Lost Inner Solar System Material


Currently, I am working with Dr. Andre Izidoro at Rice University. We use Mo isotope data to determine the BSE composition of the Earth and the initial isotopic distributions required to recreate it. Initial results demonstrate a steep gradient required to reproduce our current assumed composition.

Presentation at NASA John Glenn Space Center


I was awarded a scholarship through the Ohio Space Grant Consortium for my work on Impact Ejecta Quantification during planet accretion. Here is a picture of me during the conference at which I presented my work. Picture of me in front of a photo wall with other scholarship and fellowship recipients.

Emplacement Efficiency of Impact Ejecta in the Asteroid Belt


During undergrad, I worked with Dr. Seth Jacobson at Michigan State University. This abstract is the culmination of our work:
The giant impact era includes the Moon-forming impact but the overall scope and severity of this phase across the terrestrial planets is unknown. These violent collisions produce ejecta, some of which escapes onto heliocentric orbits. Using astrophysical N-body simulations, we show that a remnant fraction of this debris likely survives from the giant impact era of planet formation to today. The capture of impact ejecta onto long-term stable orbits in the main asteroid belt is enabled by gravitational interactions with Mars. Even when considering very different terrestrial planet formation scenarios, considerable amounts of impact debris is stranded in the asteroid belt contradicting modern asteroid surveys. Therefore, the giant impact era must either be severely limited or giant impact ejecta possesses a very steep size distribution.
This paper is in prep. Seth, my former advisor, and I in front of a poster at a conference at MSU. This is the first poster I presented about planet formation, with my advisor Seth, at a conference at Michigan State.
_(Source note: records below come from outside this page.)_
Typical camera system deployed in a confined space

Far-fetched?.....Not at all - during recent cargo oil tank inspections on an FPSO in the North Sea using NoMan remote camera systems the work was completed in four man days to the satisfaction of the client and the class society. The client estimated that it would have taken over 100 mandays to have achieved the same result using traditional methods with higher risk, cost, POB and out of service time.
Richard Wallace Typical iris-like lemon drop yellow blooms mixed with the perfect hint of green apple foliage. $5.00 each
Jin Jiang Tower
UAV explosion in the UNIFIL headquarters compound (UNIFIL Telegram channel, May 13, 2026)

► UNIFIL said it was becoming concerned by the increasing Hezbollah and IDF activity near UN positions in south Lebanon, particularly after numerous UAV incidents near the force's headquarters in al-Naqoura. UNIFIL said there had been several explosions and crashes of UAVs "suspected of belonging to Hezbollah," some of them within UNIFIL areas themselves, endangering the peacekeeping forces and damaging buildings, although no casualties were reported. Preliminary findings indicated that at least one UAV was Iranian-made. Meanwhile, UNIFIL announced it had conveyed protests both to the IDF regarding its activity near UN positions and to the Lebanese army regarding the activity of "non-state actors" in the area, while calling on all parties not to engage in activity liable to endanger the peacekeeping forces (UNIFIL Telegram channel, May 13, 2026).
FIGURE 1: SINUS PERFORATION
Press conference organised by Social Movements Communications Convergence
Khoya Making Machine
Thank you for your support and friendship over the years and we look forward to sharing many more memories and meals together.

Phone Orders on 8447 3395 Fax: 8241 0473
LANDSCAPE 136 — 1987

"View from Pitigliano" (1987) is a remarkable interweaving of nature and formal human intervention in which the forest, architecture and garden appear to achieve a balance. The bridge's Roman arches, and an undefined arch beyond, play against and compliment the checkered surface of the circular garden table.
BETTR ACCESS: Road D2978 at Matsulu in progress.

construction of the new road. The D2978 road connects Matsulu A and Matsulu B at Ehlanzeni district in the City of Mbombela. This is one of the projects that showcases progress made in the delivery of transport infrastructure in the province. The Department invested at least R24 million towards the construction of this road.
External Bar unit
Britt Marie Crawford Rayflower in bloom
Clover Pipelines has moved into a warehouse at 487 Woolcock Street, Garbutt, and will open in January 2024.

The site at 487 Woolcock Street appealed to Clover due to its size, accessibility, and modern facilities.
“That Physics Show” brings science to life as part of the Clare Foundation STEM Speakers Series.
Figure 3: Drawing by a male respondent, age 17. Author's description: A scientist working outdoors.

Estimating Strong Gravitational Lensing Parameters


In August 2023, I attended the Astromatic Hackathon at Ciela Institute in Montreal. This was a week-long program that began with crash courses on different types of machine learning and their implementation. We used a Bayesian Neural Network (BNN) to estimate the parameters of strong gravitational lensing. We then utilized MCMC methods to present the errors of our models, and show how to improve our algorithms. The presentation explained background, methodology, and demonstrated advanced error analysis. Finally, we suggested improvements on our model for future work.
Our detailed error analysis won over the judges, and led to our group winning the Hackathon. While training a neural network in 36 hours is admirable, it is more impressive to be able to explain the issues with the model, the possible improvements, and the theory behind the work.